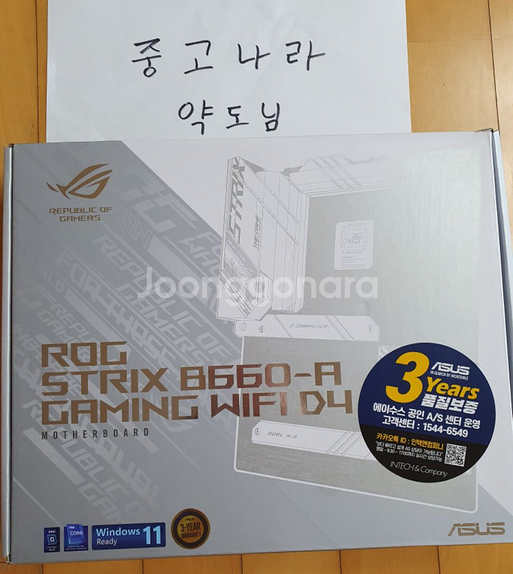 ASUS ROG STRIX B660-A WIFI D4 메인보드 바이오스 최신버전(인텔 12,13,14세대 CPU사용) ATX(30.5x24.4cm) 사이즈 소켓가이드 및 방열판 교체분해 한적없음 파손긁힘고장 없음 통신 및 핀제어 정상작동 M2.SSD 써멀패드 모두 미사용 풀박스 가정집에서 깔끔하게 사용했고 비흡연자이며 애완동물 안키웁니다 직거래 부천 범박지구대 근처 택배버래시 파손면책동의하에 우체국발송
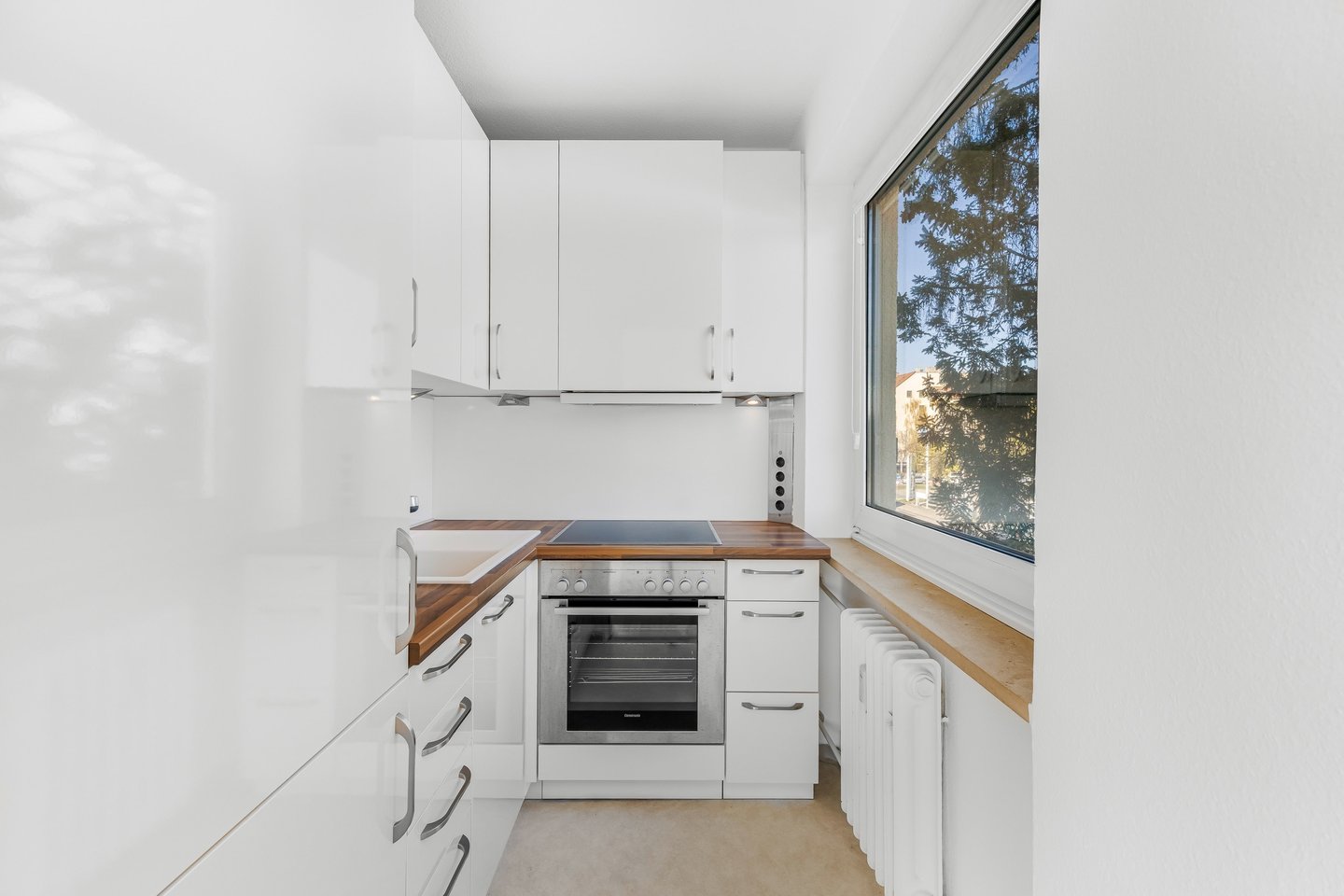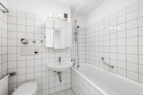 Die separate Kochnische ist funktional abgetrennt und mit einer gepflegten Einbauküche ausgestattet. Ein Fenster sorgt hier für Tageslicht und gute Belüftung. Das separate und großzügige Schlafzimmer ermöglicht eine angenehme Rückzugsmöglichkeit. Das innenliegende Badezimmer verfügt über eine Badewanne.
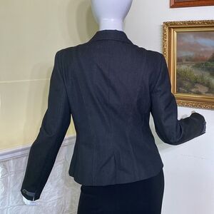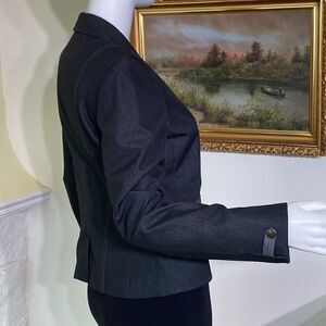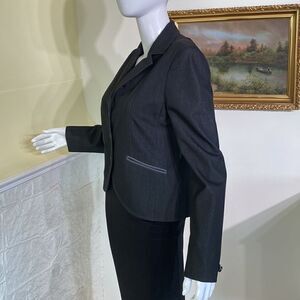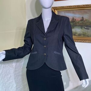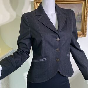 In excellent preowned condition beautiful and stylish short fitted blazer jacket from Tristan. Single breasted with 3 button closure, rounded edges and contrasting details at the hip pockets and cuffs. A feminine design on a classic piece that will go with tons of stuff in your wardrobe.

--------------------------------------------------

§ **Work task**:
With pictures left out, repeat exactly the lines from the one containing "Die separate Kochnische" through the last line of the data above, inclusive, and nothing else.

§ **Your solution**:
 Die separate Kochnische ist funktional abgetrennt und mit einer gepflegten Einbauküche ausgestattet. Ein Fenster sorgt hier für Tageslicht und gute Belüftung. Das separate und großzügige Schlafzimmer ermöglicht eine angenehme Rückzugsmöglichkeit. Das innenliegende Badezimmer verfügt über eine Badewanne.
 In excellent preowned condition beautiful and stylish short fitted blazer jacket from Tristan. Single breasted with 3 button closure, rounded edges and contrasting details at the hip pockets and cuffs. A feminine design on a classic piece that will go with tons of stuff in your wardrobe.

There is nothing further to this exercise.